What is needed. Exact copy without images: repeat every entry as written.

*** Records supplied ***

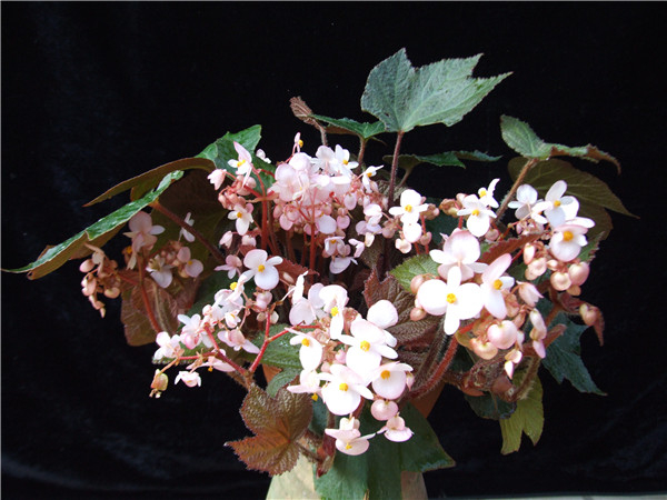 ‘三裂’秋海棠(Begonia ‘Sanlie’)花被片桃红色,着花数多;1-4月开花;叶片褐绿色掌状三至四浅裂。
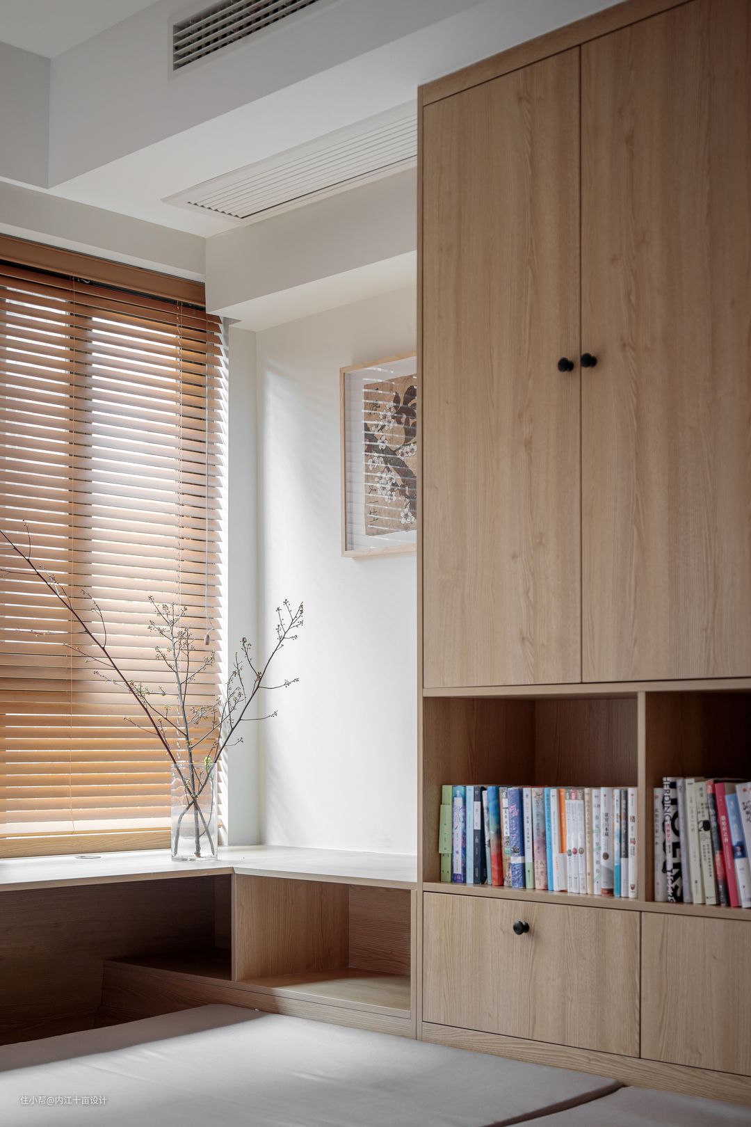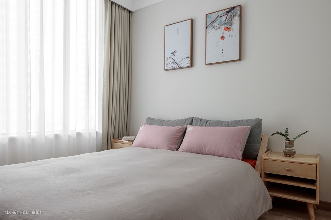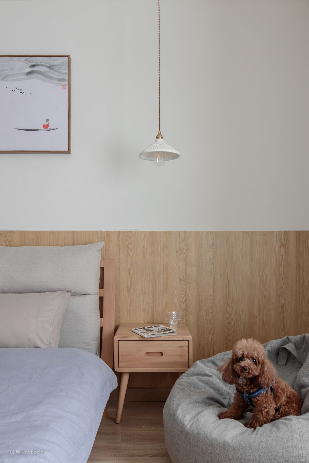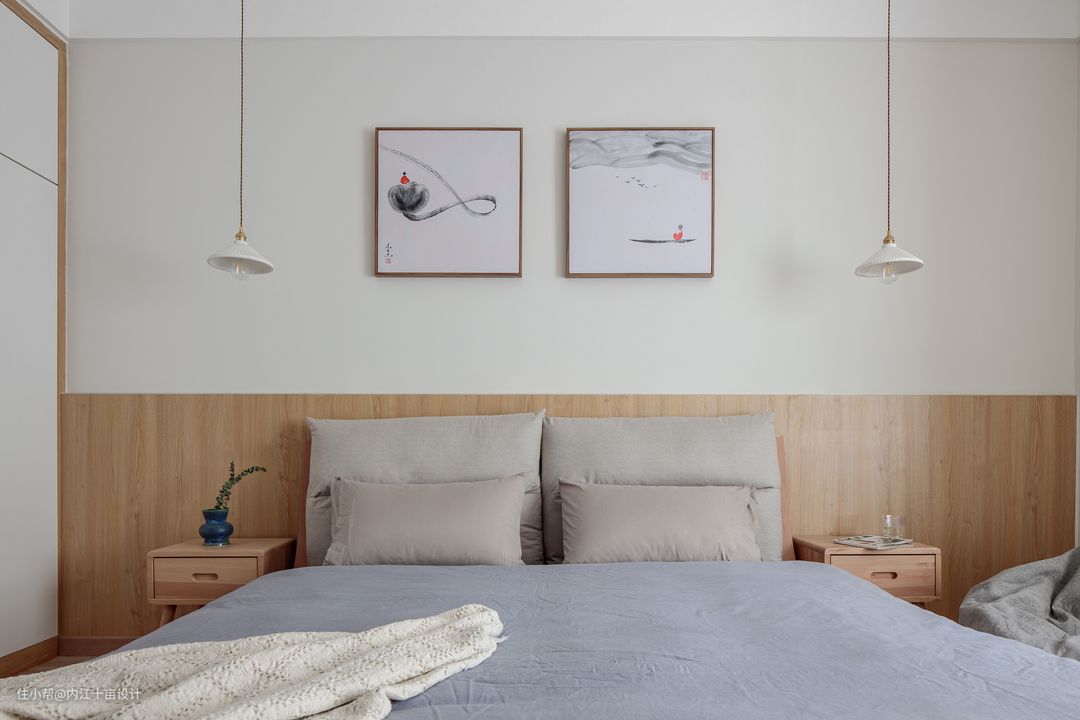 主卧延续简约格调,木饰面半高护墙结合浅色背景,点缀禅意挂画与百褶吊灯,温润而优雅
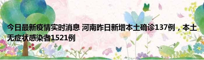 您的位置:首页 >房产频道 > 综合精选 > 今日最新疫情实时消息 河南昨日新增本土确诊137例,本土无症状感染者1521例 2022-12-06 19:04:17 • 来源: 导读 免责声明:本文由用户上传,如有侵权请联系删除! 上一篇:蓝弧文化(蓝弧) 下一篇:今日最新疫情实时消息 美国全国护士联合会批政府防疫不当 日本日增确诊连续两日超10万例
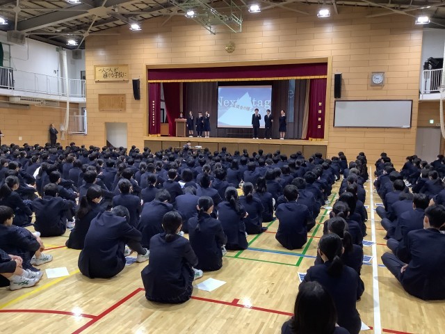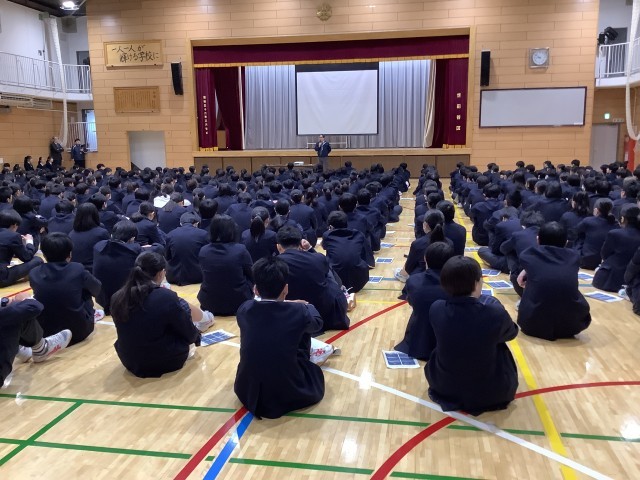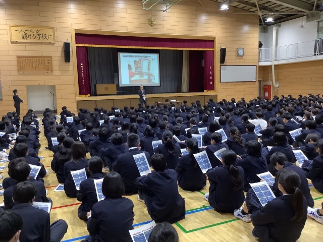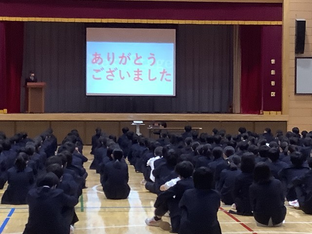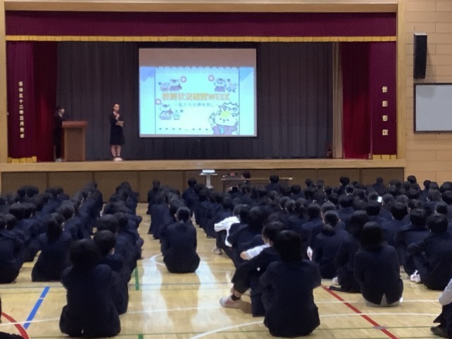 また、生徒会役員から「生活の決まり」の改善に関するアンケート結果が発表されました。今後、「校則状況確認WEEK」を行い、現状理解した上で、どのように改善していけばいいか話し合っていきます。
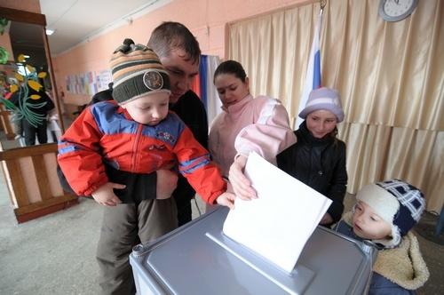 Кстати, мы работаем вдвоем с фотокорреспондентом Кириллом Клейковым. Избиратели с детьми берут их с собой в кабинку.
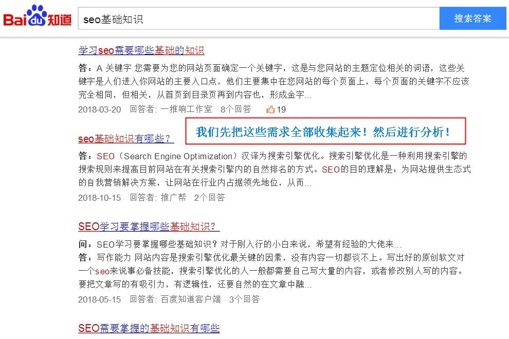 這個工具就是“百度知道”,幾乎用戶所有的問題都會在這里面進行提問,所以我們是可以在問答需求中直接分析出用戶核心需求的!這大大方便了我們關鍵詞核心需求分析工作,我們用“SEO基礎知識”這個關鍵詞來舉例!
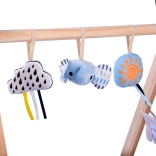Weiche hängende Spielzeuge – Wölkchen mit Bändchen, Sonne und kleiner Elefant – fördern die visuelle Wahrnehmung, die Hand-Auge-Koordination und die ersten Greifversuche.
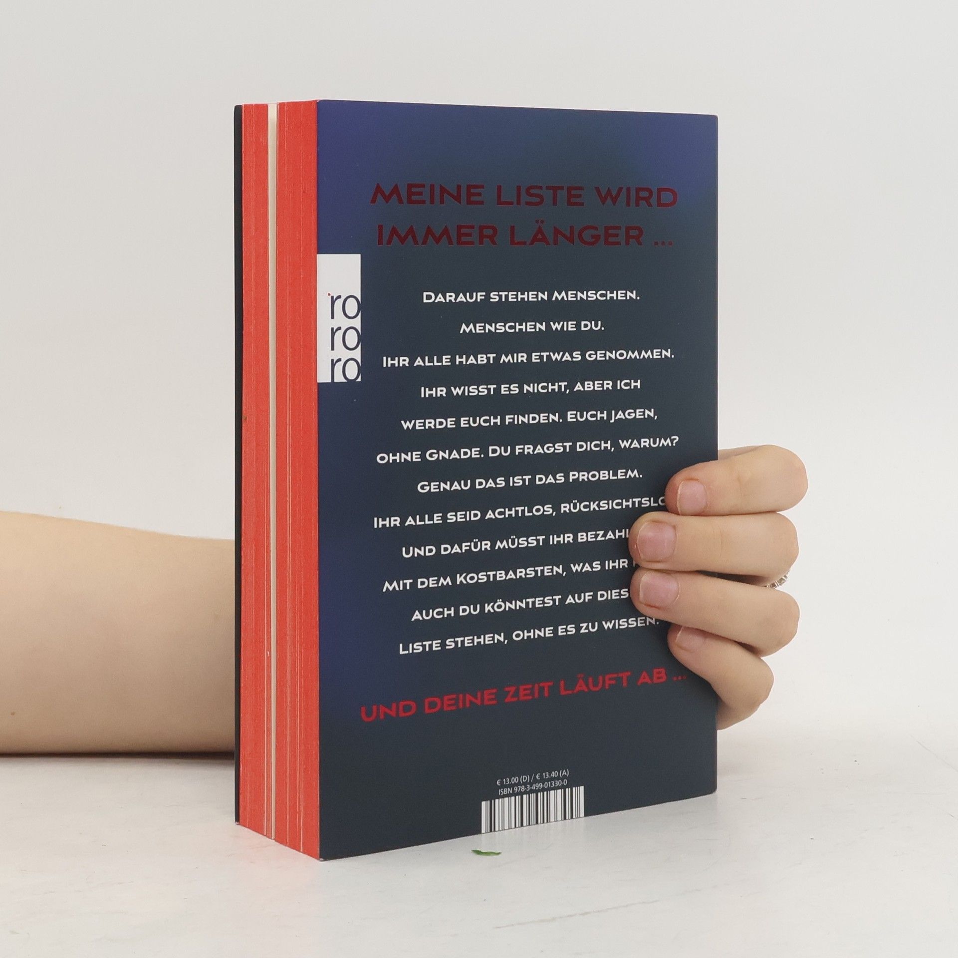 Meisterhafte Hochspannung: der neue Thriller von Nr.-1-Bestsellerautor Andreas Winkelmann. Die Zeit – sie verrinnt uns zwischen den Fingern. Sie wird uns gestohlen. Wir verschwenden sie. Was, wenn jemand bereit ist, für dieses kostbare Gut zu töten? Meine Liste wird immer länger … Darauf stehen Menschen. Menschen wie du. Ihr alle habt mir etwas genommen. Ihr wisst es nicht, aber ich werde euch finden. Euch jagen, ohne Gnade. Du fragst dich, warum? Genau das ist das Problem. Ihr alle seid achtlos, rücksichtslos. Und dafür müsst ihr bezahlen. Mit dem Kostbarsten, was ihr habt. Auch du könntest auf dieser Liste stehen, ohne es zu wissen. Und deine Zeit läuft ab …

*** End of Records supplied ***

Result.
 ‘三裂’秋海棠(Begonia ‘Sanlie’)花被片桃红色,着花数多;1-4月开花;叶片褐绿色掌状三至四浅裂。
 主卧延续简约格调,木饰面半高护墙结合浅色背景,点缀禅意挂画与百褶吊灯,温润而优雅
 您的位置:首页 >房产频道 > 综合精选 > 今日最新疫情实时消息 河南昨日新增本土确诊137例,本土无症状感染者1521例 2022-12-06 19:04:17 • 来源: 导读 免责声明:本文由用户上传,如有侵权请联系删除! 上一篇:蓝弧文化(蓝弧) 下一篇:今日最新疫情实时消息 美国全国护士联合会批政府防疫不当 日本日增确诊连续两日超10万例
 また、生徒会役員から「生活の決まり」の改善に関するアンケート結果が発表されました。今後、「校則状況確認WEEK」を行い、現状理解した上で、どのように改善していけばいいか話し合っていきます。
 Кстати, мы работаем вдвоем с фотокорреспондентом Кириллом Клейковым. Избиратели с детьми берут их с собой в кабинку.
 這個工具就是“百度知道”,幾乎用戶所有的問題都會在這里面進行提問,所以我們是可以在問答需求中直接分析出用戶核心需求的!這大大方便了我們關鍵詞核心需求分析工作,我們用“SEO基礎知識”這個關鍵詞來舉例!
Weiche hängende Spielzeuge – Wölkchen mit Bändchen, Sonne und kleiner Elefant – fördern die visuelle Wahrnehmung, die Hand-Auge-Koordination und die ersten Greifversuche.
 Meisterhafte Hochspannung: der neue Thriller von Nr.-1-Bestsellerautor Andreas Winkelmann. Die Zeit – sie verrinnt uns zwischen den Fingern. Sie wird uns gestohlen. Wir verschwenden sie. Was, wenn jemand bereit ist, für dieses kostbare Gut zu töten? Meine Liste wird immer länger … Darauf stehen Menschen. Menschen wie du. Ihr alle habt mir etwas genommen. Ihr wisst es nicht, aber ich werde euch finden. Euch jagen, ohne Gnade. Du fragst dich, warum? Genau das ist das Problem. Ihr alle seid achtlos, rücksichtslos. Und dafür müsst ihr bezahlen. Mit dem Kostbarsten, was ihr habt. Auch du könntest auf dieser Liste stehen, ohne es zu wissen. Und deine Zeit läuft ab …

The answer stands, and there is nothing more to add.